Q13: Artificial intelligence (AI) is very popular nowadays. How will this technology affect hedge funds and other fund managers, as machines surpass humans in both quality and quantity analysis. Will AI become better investors than humans?
Buffett: I don’t think so. Machines, on average, might surpass humans in investment decision-making, but the best humans will beat the machines. AI might do better than S&P 500, but no machine can beat Charlie Munger. Computers are good at doing things fast, so in fast-trading situations, such as momentum trading, algorism trading machines have an advantage. 
It is very dangerous to let machines make decisions in investment and fund allocations. Fund protection orders and other types of automatic orders played a big part in the crash of 1997 and, to some extent, in 2008. It will continue to contribute to flash crashes and, if the trend of letting machines make investment decisions continues, we may well see some disastrous events in the decades to come. Overall, people who have the right investment philosophy will continue to perform regardless of influence from the machines. 
Q14: What is the hardest lesson you learnt in life and what advice would you give us?
Buffett: Except for illness, anything that happened to me, which seemed bad at the time, eventually worked out well over time. The most important advice is to treasure those people around you and bring out the best qualities in yourself. You should associate yourself with friends who are optimistic and can encourage you. Keep away from people who are full of negative energy, as this tends to spread and affect your own mindset. You will find that success is more correlated to optimism and being friendly, rather than to IQ or the ability to solve equations, etc. 
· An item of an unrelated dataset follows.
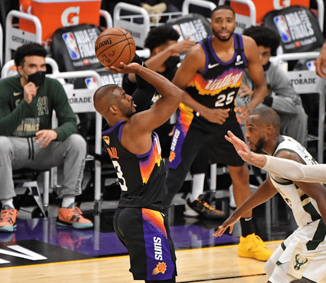 比赛之前,此前宣布大概率缺席的字母哥的状态变成了出战成疑,雄鹿队这边给出的答案是字母哥会在热身后决定是否打G1,所幸的是太阳队这边的准备还是比较充分的,当字母哥出现在出场名单中,太阳队并没有感到意外。

Every student in this room has unlimited potential, you all have the energy, education and other qualities in you to succeed in life. Just choose wisely with wo you associate with. I wish the best for all of you.


Peking University feels honoured to have had the opportunity to sit down with one of the most brilliant minds in the financial industry. Mr. Buffett’s perspectives and insights challenged our students to think about investment and finance from the long-term perspective. We are humbled for his wisdom and learnings, which our students seek to take into their future career.